Because restrictions were so tight on the ship, she sarcastically likened seeing a person without a mask to immodesty.

“It’s like, it’s very weird to see someone’s full face,” she said. “I keep making the joke that it looks like I’m, like, in medieval times and a woman is showing her ankles, and I’m like ‘The shame!’”

Maryland Matters spoke with Freeman over the phone Wednesday evening, about 30 minutes after Gov. Lawrence J. Hogan Jr (R) announced he was lifting the state’s stay at home directive. She was surprised, to say the least.

“Oh heck no, I’m not going anywhere,” she said. “No way.”

Freeman said, in her opinion, it’s way too early to go out.

She also has cruise ship friends who are chomping at the bit to hit the seas again. But Freeman said there are still Americans on Princess cruise ships who have yet to be repatriated because their ships weren’t sailing near the coast of the U.S.

She’s been in touch with a number of crew members still adrift, including a dancer who is stuck on the Sea Princess outside of Asia. Freeman said that, since the ship is so close to the coast there, the fleet’s first priority has been repatriating the crew members aboard who are citizens of Asian countries.

“The Americans there, they still don’t know what they’re going to do. They have to wait, basically,” she explained. “All the ships just have to deal with the problems right in front of them.”

And it’s not just Americans who are facing problems now.

Freeman’s best friend is a citizen of Zimbabwe whose family lives in South Africa. She said because of her citizenship, South Africa won’t let her enter and because Zimbabwe is landlocked she can’t get there by ship.

“They told her to prepare to stay on [the boat] until the end of July because there’s just no plan,” she said.

Advocacy in action

Freeman said the stories she hears have ignited a fire in her to advocate for other cruise ship employees, especially when it comes to their mental health.

Earlier this week, several news outlets reported that four crew members across different cruise lines have died non-COVID-19 related deaths in the span of 10 days.

According to Princess spokeswoman Alivia Owyoung, one of these was a 39-year-old female Princess crew member from Ukraine who jumped overboard the Regal Princess anchored near the Port of Rotterdam on the coast of the Netherlands.

“Our thoughts and prayers are with the family and friends of the crew member.
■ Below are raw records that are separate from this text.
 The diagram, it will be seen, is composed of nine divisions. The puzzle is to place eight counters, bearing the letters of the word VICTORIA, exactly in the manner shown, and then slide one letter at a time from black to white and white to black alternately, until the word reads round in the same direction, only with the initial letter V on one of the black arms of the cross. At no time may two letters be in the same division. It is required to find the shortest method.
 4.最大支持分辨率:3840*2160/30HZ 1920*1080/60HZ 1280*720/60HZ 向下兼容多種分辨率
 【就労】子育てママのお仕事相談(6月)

We activated our Princess Crew Care Team to assist to family during this difficult time,” Owyoung wrote in a statement.

Freeman said she’s been making calls to try to figure out how she can help Princess provide mental health resources for those who are still stuck at sea.
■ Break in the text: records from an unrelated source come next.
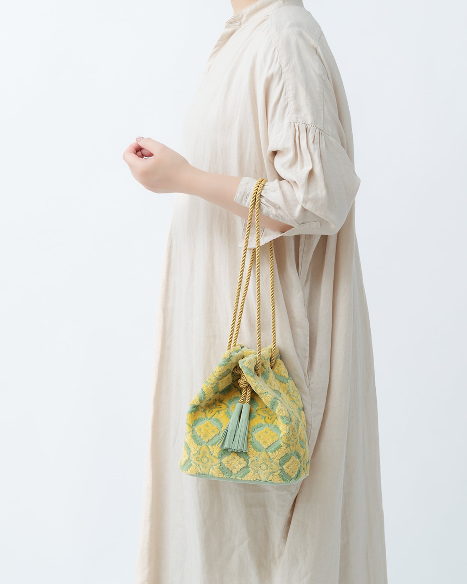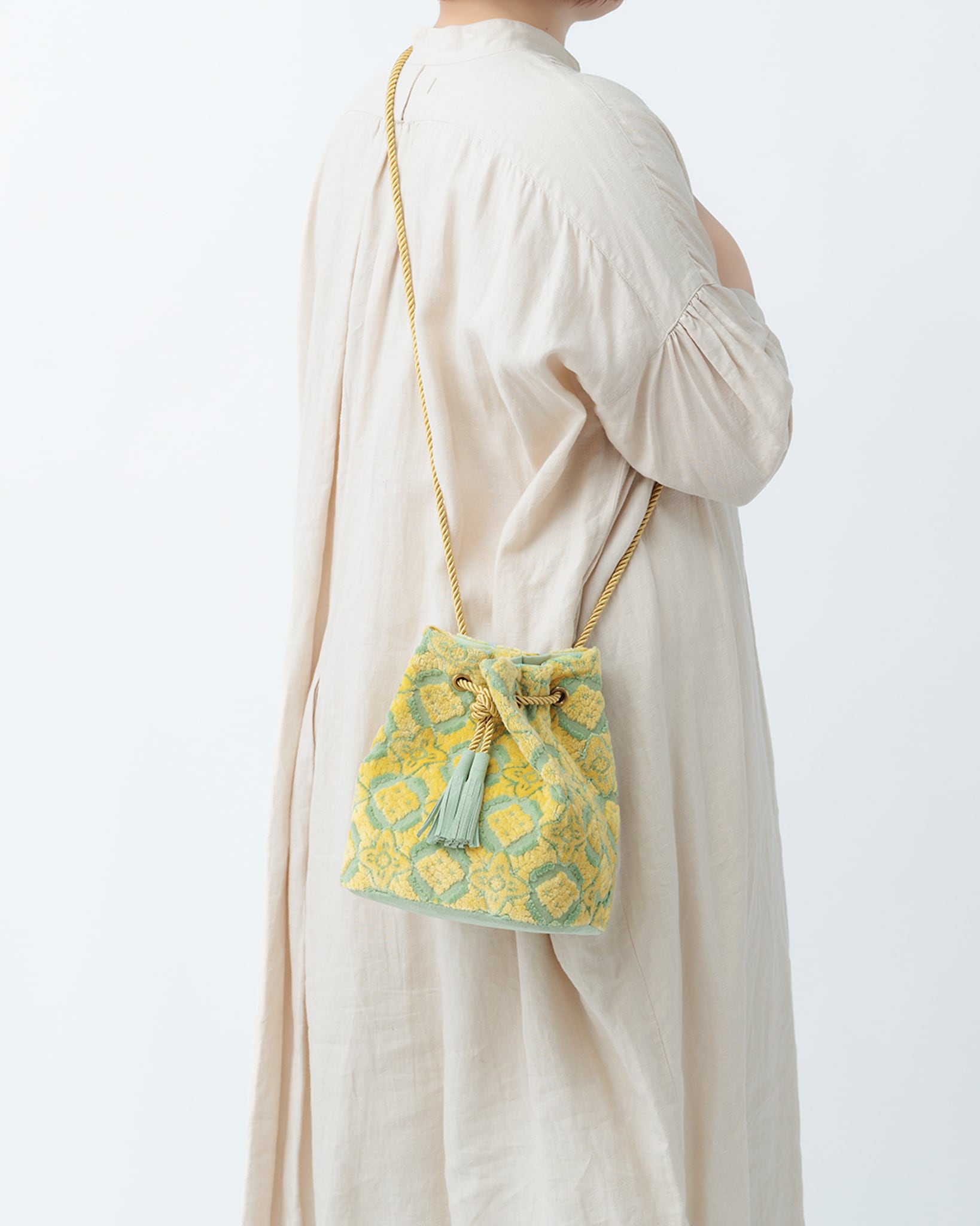 立体感のある織り模様が印象的なパイルジャカード織りの生地で作った、斜め掛けショルダーにもなる巾着バッグです。
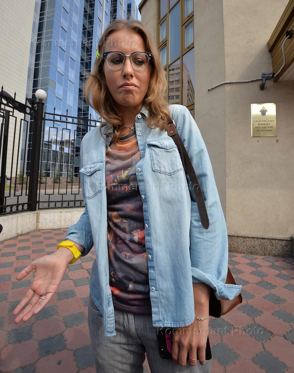 Телеведущая Ксения Собчак перед допросом по делу об оскорблении депутата Государственной думы России Елены Мизулиной. Допрос прошел в Следственном комитете России.
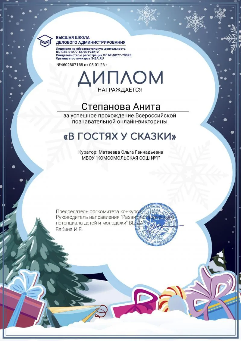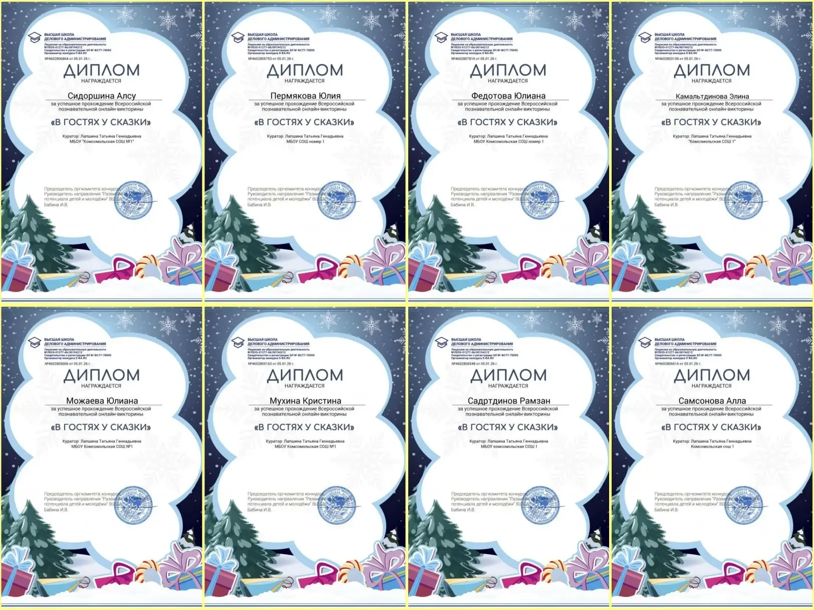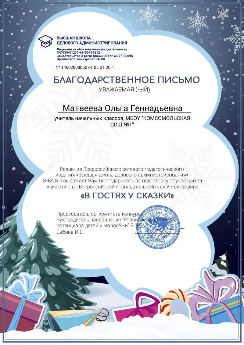 🔹Учащиеся 3 «Б» класса (классный руководитель — О.Г. Матвеева) совершили волшебное путешествие, не выходя из дома! 🖌Они приняли участие во Всероссийской познавательной онлайн-викторине «В гостях у сказки», организованной Высшей школой делового администрирования.

She saw firsthand on the Emerald Princess instances of people “not doing well at all,” but being afraid to go to Human Resources for help out of fear that they would derail any efforts the department was making to get them home.

“I don’t think this has ever happened before,” Freeman said. “There needs to be a lot of attention paid to [the] mental health of the crew members on board who have no idea when their situation is changing.”
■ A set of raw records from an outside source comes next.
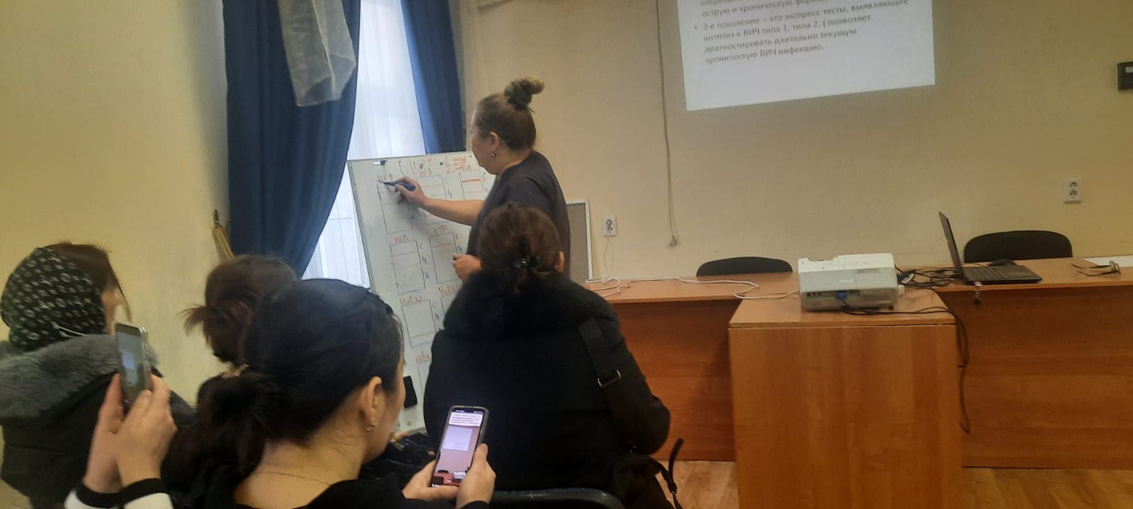 В ходе обучения специалист диагностической лаборатории С. Д. Сметова презентовала методику проведения и интерпретации результатов экспресс-тестирования на ВИЧ. Показала примеры различных (положительных, отрицательных, невалидных) результатов экспресс-теста на ВИЧ, провела практические занятия по оценке результатов экспресс-тестирования на ВИЧ.
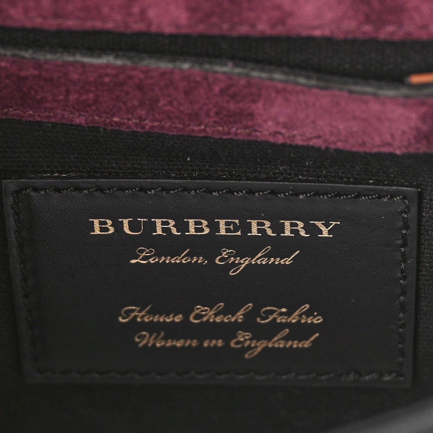 This is an authentic BURBERRY Derby Calfskin House Check Small Macken Crossbody Bag in Tan. This sleek crossbody shoulder bag is crafted of brown textured leather and checked canvas in a structured design with a front slip pocket, a rigid base, and polished gold hardware accents. The front flap opens to purple suede leather and black fabric interior with a patch pocket.Follow this item for alerts. Burberry is a registered trademark of Burberry. FASHIONPHILE is not affiliated with Burberry.
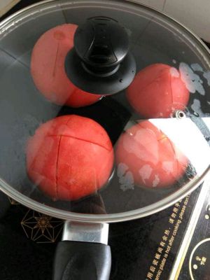 西红柿洗净,上面划一个十字放到开水里,焖两分钟,然后剥皮。
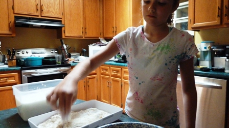 The chicken fries up beautifully with lots of golden-crusty-floured-buttermilk coating sticking to the edges. Lizzy leans back a little when the grease pops. One piece sticks to the bottom of the pan, which Lizzy carefully nudges off the bottom with a spatula, keeping her distance and using mitts as appropriate.
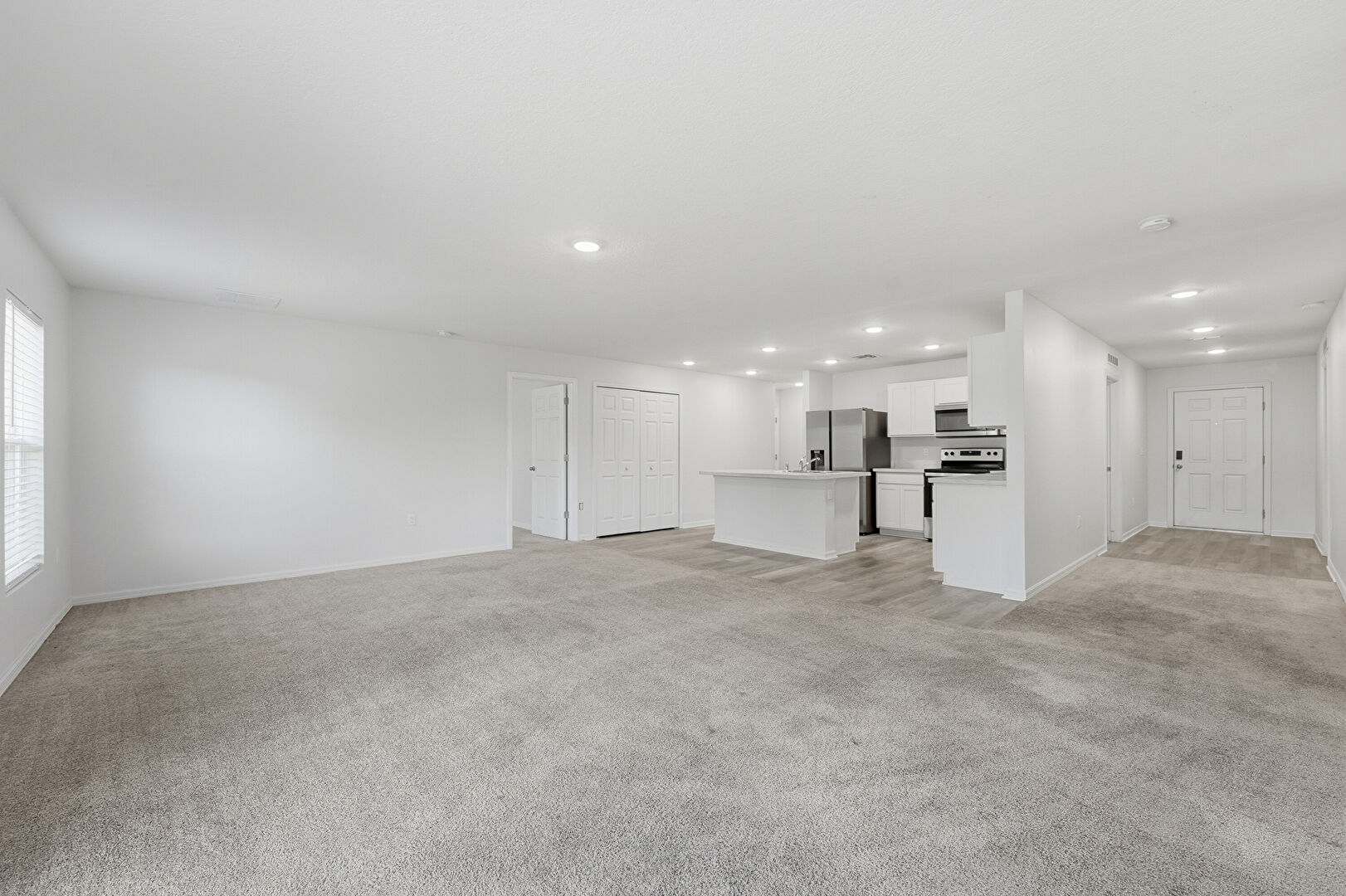 Baseboards Wall, Carpet, Drywall, L Shaped Kitchen, Natural Light, Recessed Lighting, Vent, Baseboards Wall, Carpet, Wood Finish Floor

According to Freeman, something as simple as having access to reliable WiFi to reach out to friends and loved ones makes a difference.

“There needs to be something done about just checking in with everyone on board, and crew members need to know that they’re not forgotten,” she said.

In spite of it all, the experience has not deterred Freeman from returning to the industry.

She said that even now that she’s back on land, in the “perfect world” where the virus is eradicated the first place she’d want to go is back on a ship.

“That job changed my life, and it, like, opened my eyes to traveling and like all these other cultures, just all the other cultures onboard,” she said. “And, like, getting to say that I have friends in every country, basically, and just all the exposure — 1,000 percent. I’m not done with cruise ships at all.”